Serial ultrasonography demonstrated progressive and severe thyroid involution. After eight cycles, total thyroid volume had decreased to approximately 6 mL, accompanied by increasing heterogeneity and reduced echogenicity, consistent with marked atrophic change (
Figure 4).
After three years of ongoing treatment, follow-up imaging confirmed advanced parenchymal loss (total volume: ~2 mL) with profound echogenic reduction and markedly attenuated vascularisation (
Figure 5A,B).
Despite pronounced structural deterioration, the patient tolerated sunitinib well, maintained stable oncological status, and continued thyroid hormone replacement with good biochemical control. No further TSH elevations above 10 mIU/L were recorded. Antibody titres remained low and stable.

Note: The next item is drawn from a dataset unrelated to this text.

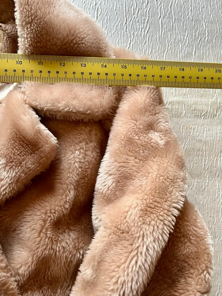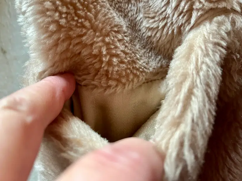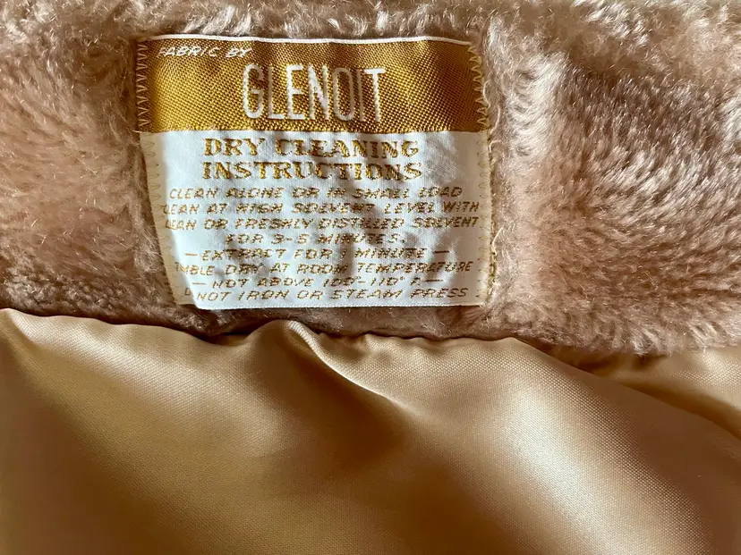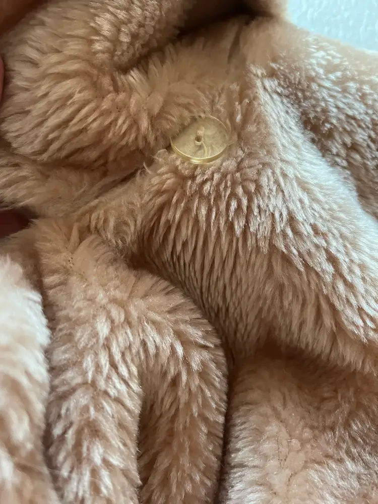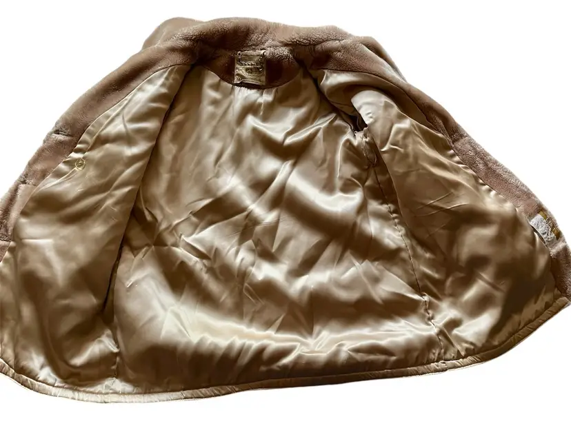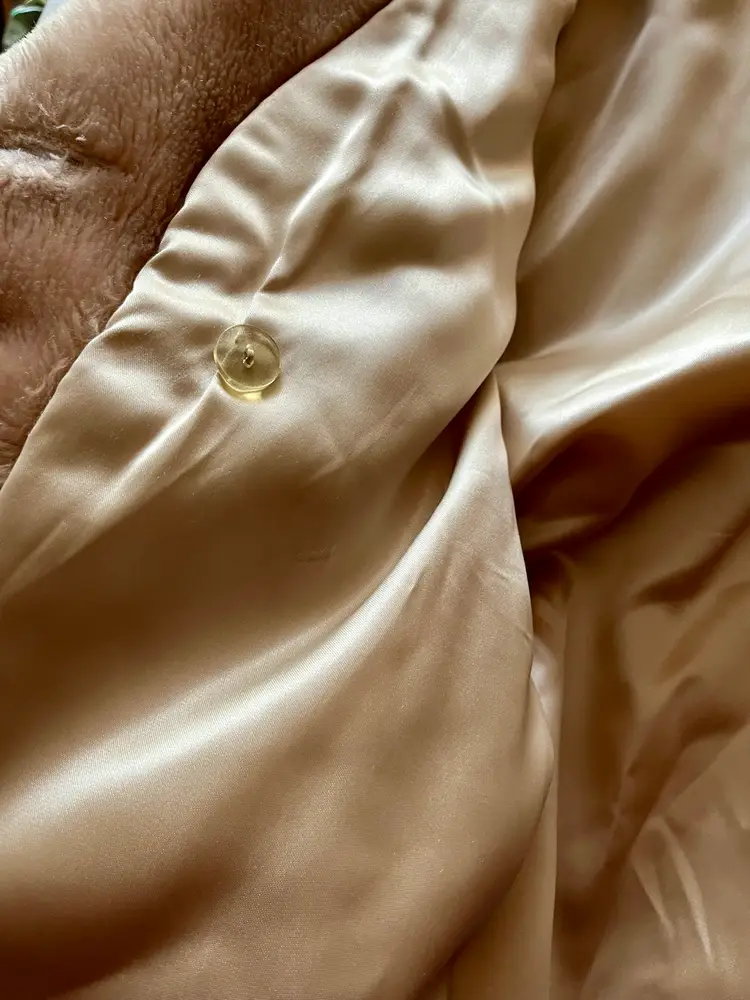 The beige-champagne color of the coat is versatile and can be paired with a variety of outfits. The full lining material is possibly polyester or acetate (satin-like) and adds a touch of luxury to the coat. This coat is a size small/medium and has a regular fit. It is recommended to dry clean only to maintain its quality. There are two front lined pockets as well.
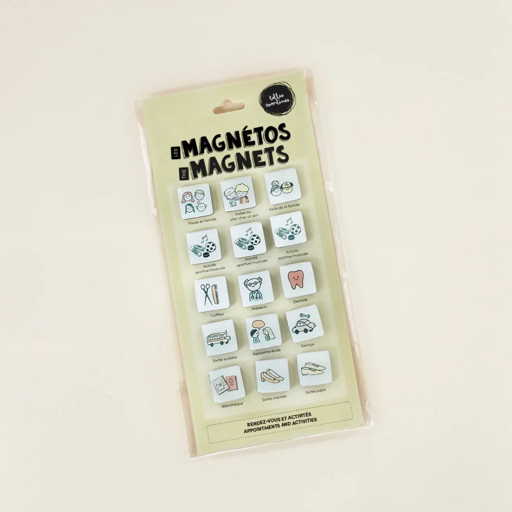 Une gamme complète de pictogrammes magnétiques et ludiques qui développeront l’autonomie des plus petits et le sens de l’organisation des plus grands … même de papa et maman ! Intégrez-les au planificateurs familiaux mensuel et hebdomadaire

This case illustrates a characteristic phenotype of sunitinib-induced thyroid dysfunction as follows: early biochemical fluctuations, followed by transition to overt hypothyroidism requiring long-term levothyroxine therapy and accompanied by profound structural thyroid atrophy. The strong chronological relationship between drug exposure, hormonal disturbance, and irreversible gland involution supports a causal mechanism.
4. Discussion
Kinases are enzymes responsible for transferring phosphate groups from high-energy compounds such as ATP to protein substrates, modifying protein structure and cellular function [
9]. When phosphorylation occurs at tyrosine residues, the enzyme involved is classified as a tyrosine kinase. These molecules play a central role in regulating cell proliferation, differentiation, angiogenesis, apoptosis, and motility, and abnormalities in their activity contribute to oncogenesis [
10]. Several tyrosine kinases, including vascular endothelial growth factor receptors (VEGFRs) and platelet-derived growth factor receptors (PDGFRs), function as ligand-activated membrane receptors controlling diverse intracellular signalling pathways [
11].
The advent of tyrosine kinase inhibitors (TKIs) has enabled targeted suppression of dysregulated oncogenic signalling. Sunitinib, a multitarget TKI acting on VEGFR and PDGFR, is widely used in renal cell carcinoma and several other malignancies [
12]. Although generally well tolerated, increasing clinical evidence indicates that TKI therapy is associated with endocrine disturbances, especially thyroid dysfunction, which is most frequently manifested as hypothyroidism [
13].
Importantly, the thyroid gland physiologically expresses multiple receptor tyrosine kinases, including vascular endothelial growth factor receptors (VEGFRs) and platelet-derived growth factor receptors (PDGFRs), which play a key role in maintaining normal thyroid structure and function [
13,
14]. These receptors regulate thyroid microvascular integrity, angiogenesis, endothelial cell survival, and paracrine signalling within the follicular environment, thereby supporting adequate tissue perfusion and hormonogenic capacity. Consequently, inhibition of tyrosine kinase signalling may directly disrupt thyroid homeostasis, predisposing the gland to ischemic injury, structural involution, and progressive functional decline.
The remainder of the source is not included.